Gyroscopic Centrioles Bornens

French molecular biologist Michel Bornens (1979) has investigated cellular mechanisms of organization and argues for a dynamic stability based on organizational properties of centrioles and the cytoskeleton. Specifically, Bornens proposes that centrioles are animated by rapid oscillatory rotation about their longitudinal axis which results in a dynamic stability and inertia analogous to a spinning top or gyroscope. Peripheral movements throughout the cell are interconnected by the cytoskeleton, with the gyroscopic centrioles an inert point of reference which provides cellular gravity. Centrioles and microtubule organizing centers (MTOC) are the origin for the cell's spatial coordinates and cytoplasmic movement appears to occur relative to the MTOC. Bornens likens movement in each cylinder to a stepwise electric motor in which the central "cartwheel" (or "pinwheel") is equivalent to an ATP-dynein "stator," and the centriolar wall the moving "rotor." Continuous torque rotation of centrioles could serve to propel them through cytoplasm, like an "Archimedes screw" (Record, 1986). Bornens also considers the possibility of "back and forth" oscillation with utility for scanning the cell environment.

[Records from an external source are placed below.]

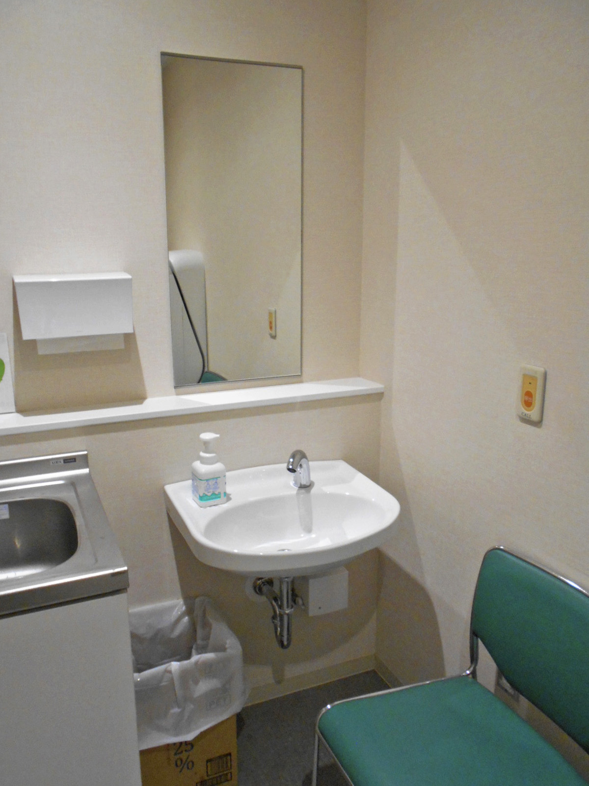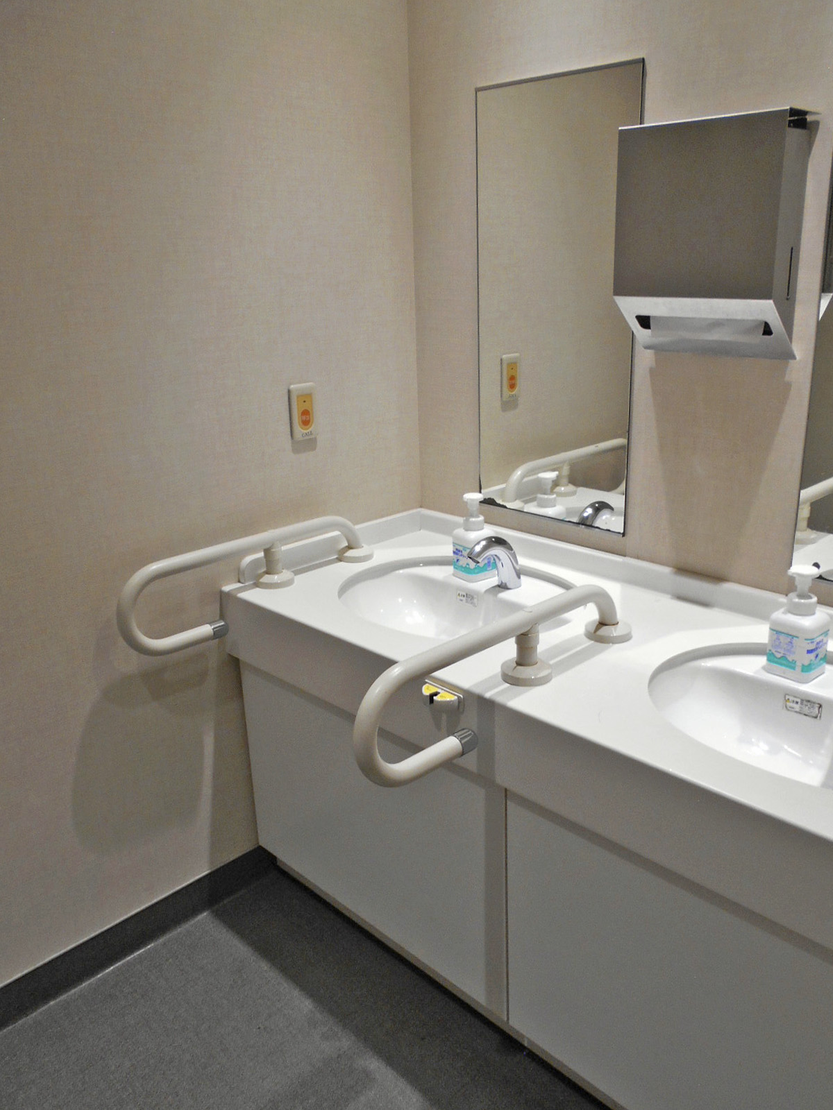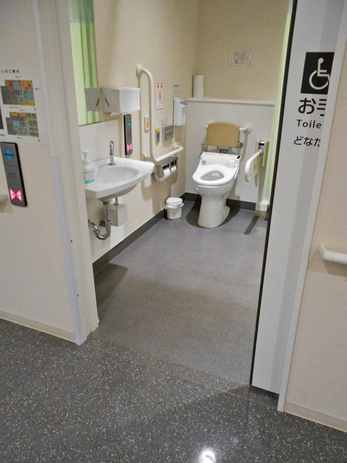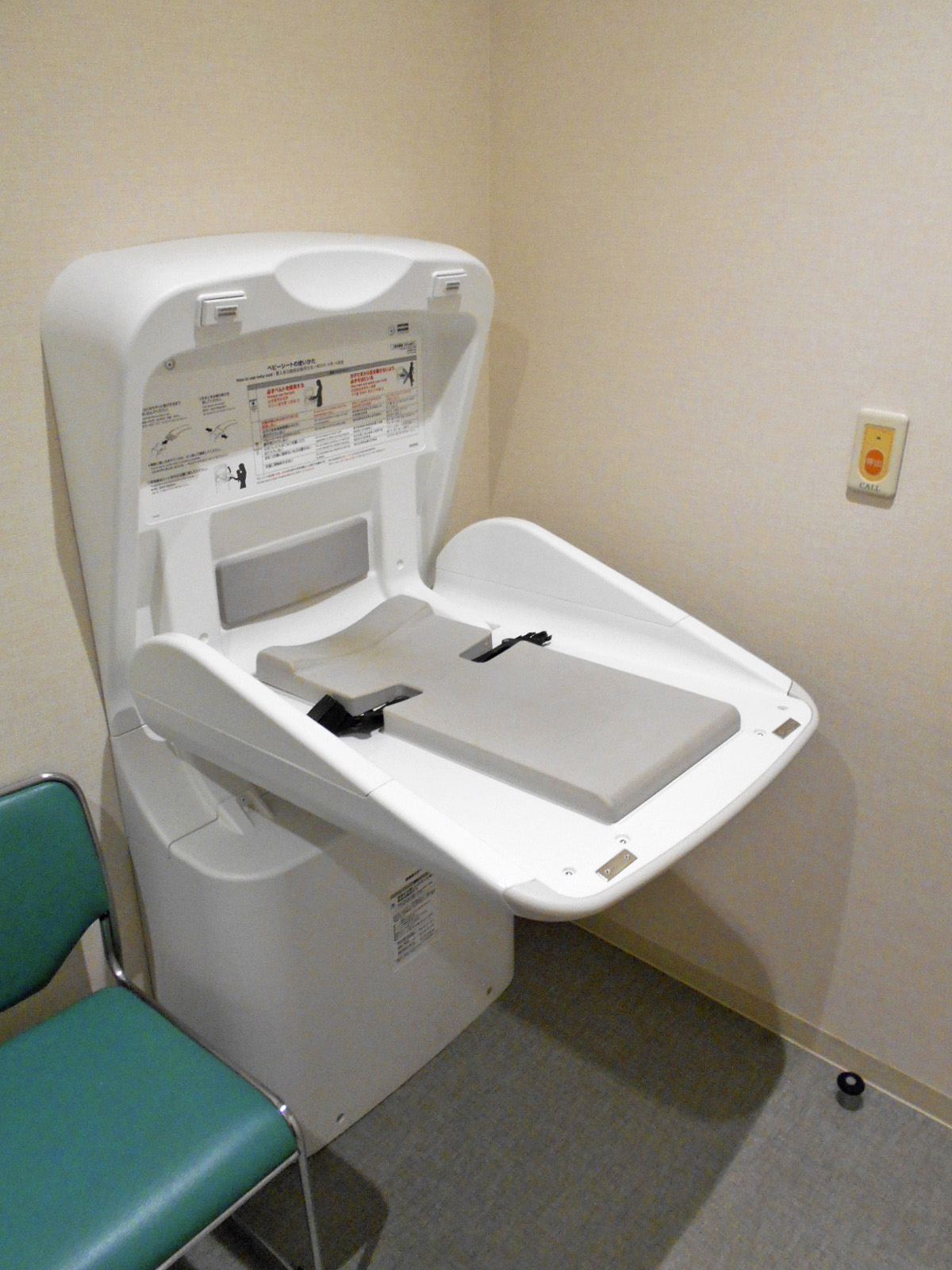 - ベビーベッドはおむつ交換台で対応、一般用トイレにも非常用押ボタンあり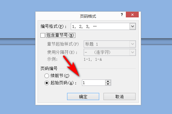 5、进入到页码格式之后,选中起始页码,并将起始页码设置为1,确定即可。
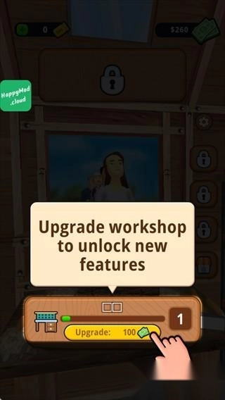 消耗100金币升级工坊,解锁更多制作工具与装饰功能,为后续复杂作品做准备。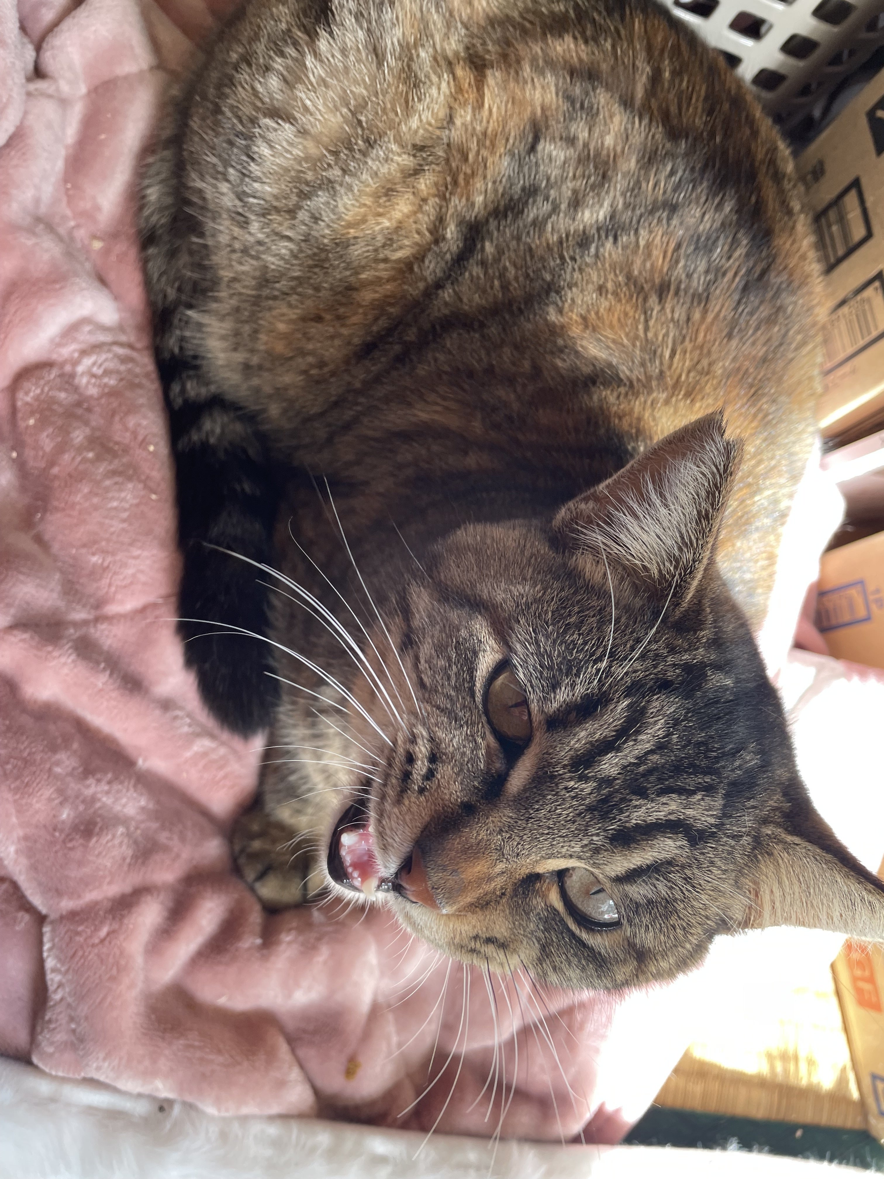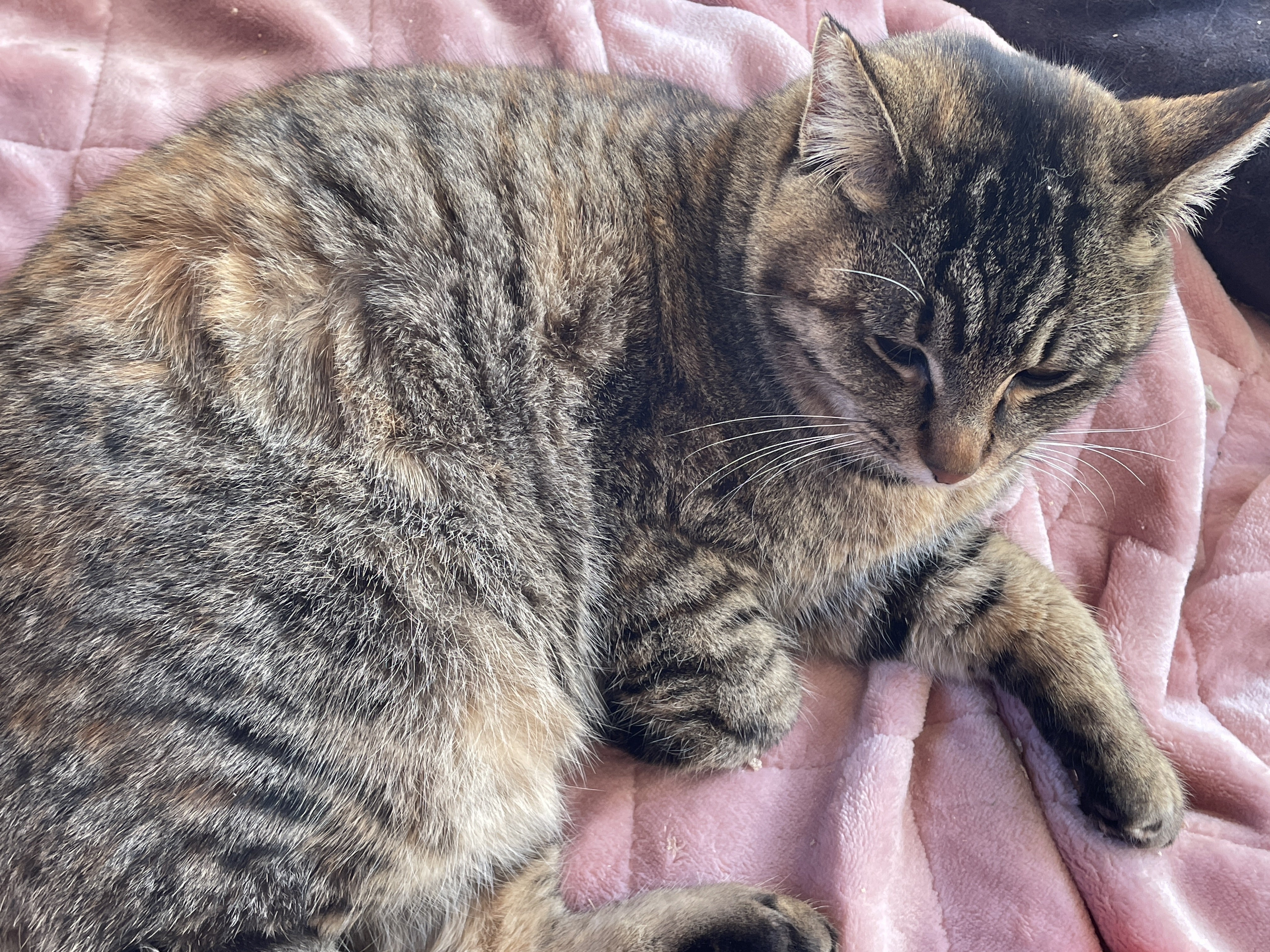 ビビちゃん太陽の日差しと毛布の柔かさがお気に入りで、モフモフしていました。簡易ハウスの中にも毛布は入れてあるのですが、雨風が入らないようにシートを覆いかぶせてしまっているせいか、太陽の日差しが入らないのがちょっと残念。

Reviewing Bornens' gyroscopic centriole model, Albrecht-Buehler (1981) questioned the high rate of rotation required for significant inertia. Albrecht-Buehler calculated that centrioles would have to rotate at frequencies of 2.3 million revolutions per minute before their kinetic energy matches one kT (the thermal energy of one molecular degree of freedom). Consequently, "much greater rotational frequencies would be required before the centriole could withstand the impact of thermally moving molecules around them and maintain stable axial orientation" (Albrecht-Buelhler, 1981). Bornens responded by suggesting a submicroscopic mechanism "allowing more independence of the centriole with respect to surrounding material." Factors which could support his contention include ordered water coupled to centriolar oscillation, some unknown property of the "pericentriolar material," ionic charge layer, or even superconductivity as suggested by Fröhlich and Del Giudice's group (Chapter 6).

Rotatory oscillations in the range of 107 per second would be consistent with the findings of several researchers (Chapter 9) who found collective energy absorption in the range of 107 per second by protein assemblies such as virus coats.

Bornens views centrioles as the center of a dynamic cytoskeleton which communicates and integrates cellular information. In Bornens' view of cytoskeletal organization, microtubules are conductors of spatial centrifugal information, rigid organizers of cell space in which physical or electrical signals propagate as conformational modifications of MT subunits. Intermediate filaments and the microtrabecular lattice also participate in Bornens' vision of a dynamic network of pulsating polymers. He also suggests that ATP generated centriolar rotation triggers propagating impulses along microtubules by transitory contact/stimulus of the nine rotating MT doublet/triplets in the centriole wall with their surrounding satellite bodies. This would lead to rhythmic signals through the cytoskeleton with a frequency nine times greater than that of the centriole's rotation. Rhythmic, propagating signals are compatible with coherency, solitons, and other models. Their occurrence throughout the cytoskeleton would be mechanisms close to the nature of life itself.